Saturday, July 14, 2007

Why We Don't Mention the Stash in the Will

My mother began what became a rather impressive array of cookie cutters when I was very young.

When I was about seven, I (in all seriousness) asked her, "Mom, when you die can I have your cookie cutter collection?"

Years later, when my parents devised/revised their wills, Mom confided that she had specifically asked the attorney to include the special bequest of cookie cutters to beloved daughter. The attorney advised against it, as it would then be valuated separately from the personal effects of the state, probably as some sort of valuable item, which could red flag the IRS that this was a priceless heirloom and that monolith would be inclined to tax it accordingly.

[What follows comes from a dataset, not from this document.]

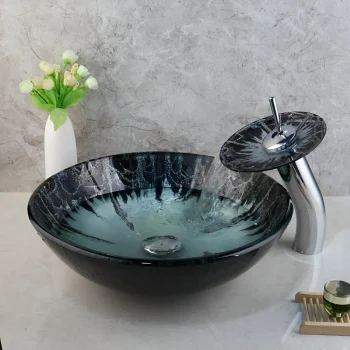 Hand-Painted Tempered Glass Round Bathroom Sink with Chrome Faucet Set

Therein lies the lesson: don't mention your stash specifically in your will, lest the recipients be punished for it.

Even if your stash is where all your money went.


FOOTNOTE (crossed): Who am I kidding? The thing is mammoth, monster, overwhelming. I'm guessing there are three hundred cookie cutters. You need a cookie cutter of a cactus? Got it. A flamingo? Got it. Clubs, diamonds, hearts and spades? Check. Musical note? Sailboat? Billy goat? A letter you wrote? Yes, yes, yes and yes.

FOOTNOTE (double-crossed): Because who goes out of their way to mention a plain, ol' gathering of cookie cutters. Must be SPECTACULAR collector's items. You know, solid gold or Cro-Magnon or some shit. Which makes me wonder how much one could get on eBay for a collection of every G-rated cookie cutter known to mankind. Not that I would, mind you. I *like* having all the cookie cutters.